Many dinosaur bones are even found unfossilized in places like Madagascar, Alaska, and Montana. Even the founder of the largest dinosaur museum in the world admitted that usually, most of the original bone is still present in a dinosaur fossil. I mean, just look at how stretchy and pliable this dinosaur bone is. It sure doesn't look like a 65 million-year-old rock to me.
[McGuire] You've made your points. Nicely done. Um, I bet the seal of the deal would be nice for a creationist to find a living dinosaur somewhere in a swamp or a condo.
[Christina] Actually, I think what we've covered is even better than discovering a living dinosaur somewhere.
[McGuire] And why is that?
[Christina] Well, if someone found a living dinosaur, it would be easy for evolutionists to explain it away. They would just say that evolution was idle for eons. They've already done this many times when so-called "living fossils" are found. Like this live coelacanth someone hauled up in a fishing net off Madagascar in 1938. Before they found it alive, coelacanths were considered a key missing link between fish and amphibians, dating back to the time of dinosaurs and beyond.
So, the reason that the discovery of dinosaur biomolecules, cells, and tissues is even better than finding a live dinosaur is that the laws of chemistry hold evolutionists accountable for claiming either that thermodynamics (the process by which tissues break down) were idle for eons or, even more far out, that the bio-organic materials are not even there. But because we know these bio-organic materials were present when they were living and we still have them now, it leaves undeniable evidence for Noah's Flood staring the world right in the face.
[McGuire] Christine, you've given me a lot to think about.
[Audience members] You believe in this...? Hey, are you okay?
[Audience member] I... I've never felt so wrong about anything in my entire life.
[Mother recalling this exchange to her son, Avery] My life completely changed that day. Mark and I tried to continue having a relationship, but he wasn't too happy with me suddenly believing in God. So, we argued a lot, and then we ended up breaking up.
But I ended up becoming friends with the girl who was debating with the museum docent that day. She showed me the truth. I believed her and I surrendered my life to Jesus, and I haven't been the same since. In fact, if Christine and I hadn't become friends, then I probably wouldn't have met your dad. She introduced me to him, and then you probably wouldn't be here.
I love you, sweetheart, and I want you to know that you can believe that God's word is true. But the choice is yours.
[Ray Comfort to person on the street] Believe in the Bible?
[Man] Yes, I do. Do you believe what Jesus said?
[Person] Yes, I do.
[Ray Comfort] You know, Jesus destroyed evolution in one sentence. This is what he said: 'In the beginning, God made them male and female.' He didn't make them as primates. He made them as male and female. So, do you believe that?
[Person] Yes, I do.
[Ray Comfort] Then you don't believe in evolution?
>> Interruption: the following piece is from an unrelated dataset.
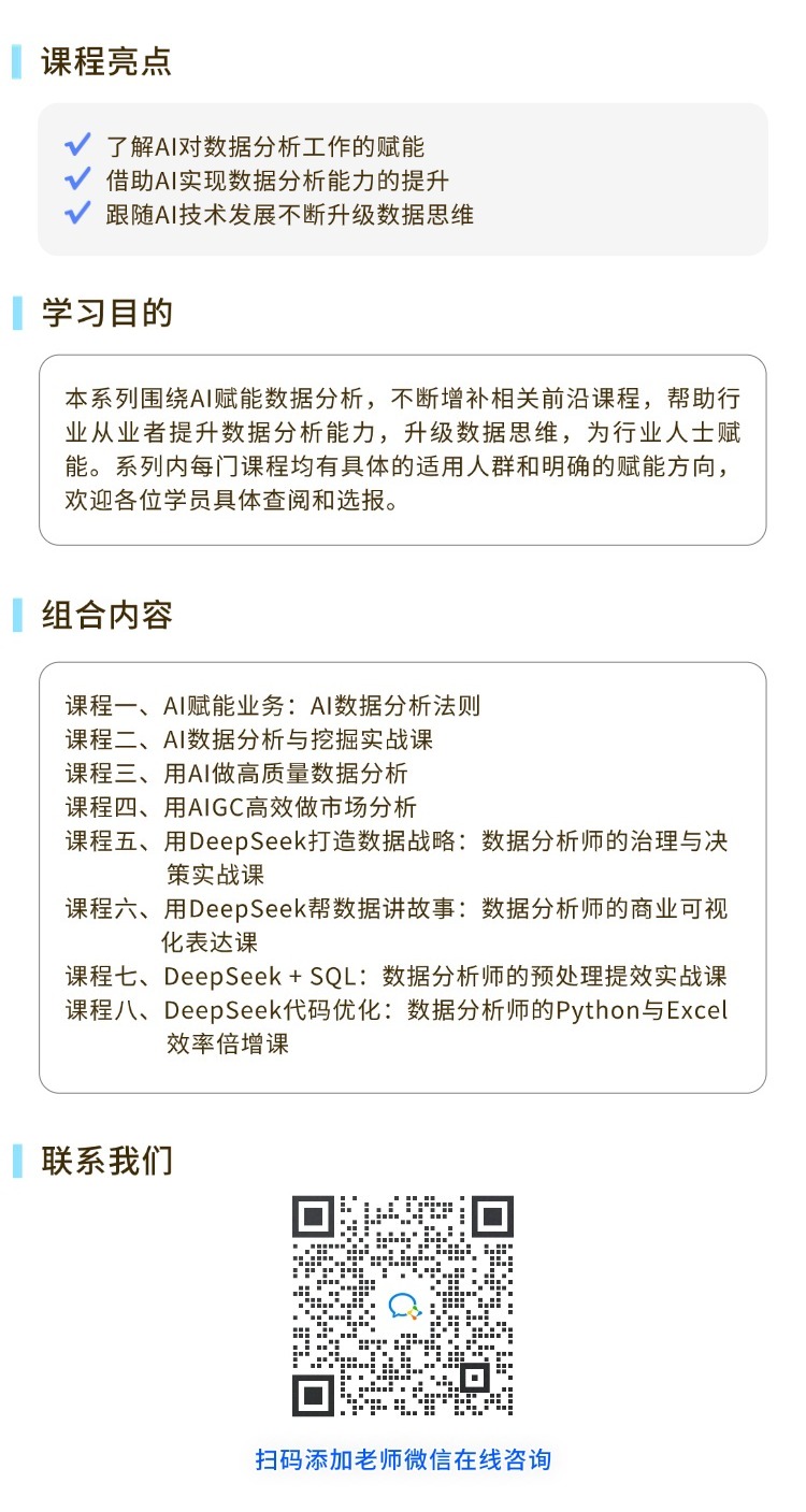 AI数据力系列本系列围绕AI赋能数据分析,不断增补相关前沿课程,帮助行业从业者提升数据分析能力,升级数据思维,为行业人士赋能。系列内每门课程均有具体的适用人群和明确的赋能方向,欢迎各位学员具体查阅和选报。¥1030

[Person] I don't believe in evolution.
[Ray Comfort] Do you know what the Bible says is the cause of death, why we die? What is it calling? The Bible says, 'The wages of sin is death.' God is paying you in death for your sins. Sin is so serious in His eyes. He's given you the death sentence. 'Whosoever calls upon the name of the Lord shall be saved.' 'He that believes in Him shall not perish but have everlasting life.' There are dozens of promises saying the same thing. 'Repent, trust in the Savior, and God will remit your sins, grant everlasting life as a free gift.' Is this making sense, Avery? You're going to think about what we talked about today?
[Person] Yes, yes.
[Person] To put your faith in Jesus, is that what you're saying?
[Ray Comfort] Yes, when are you gonna get right with God?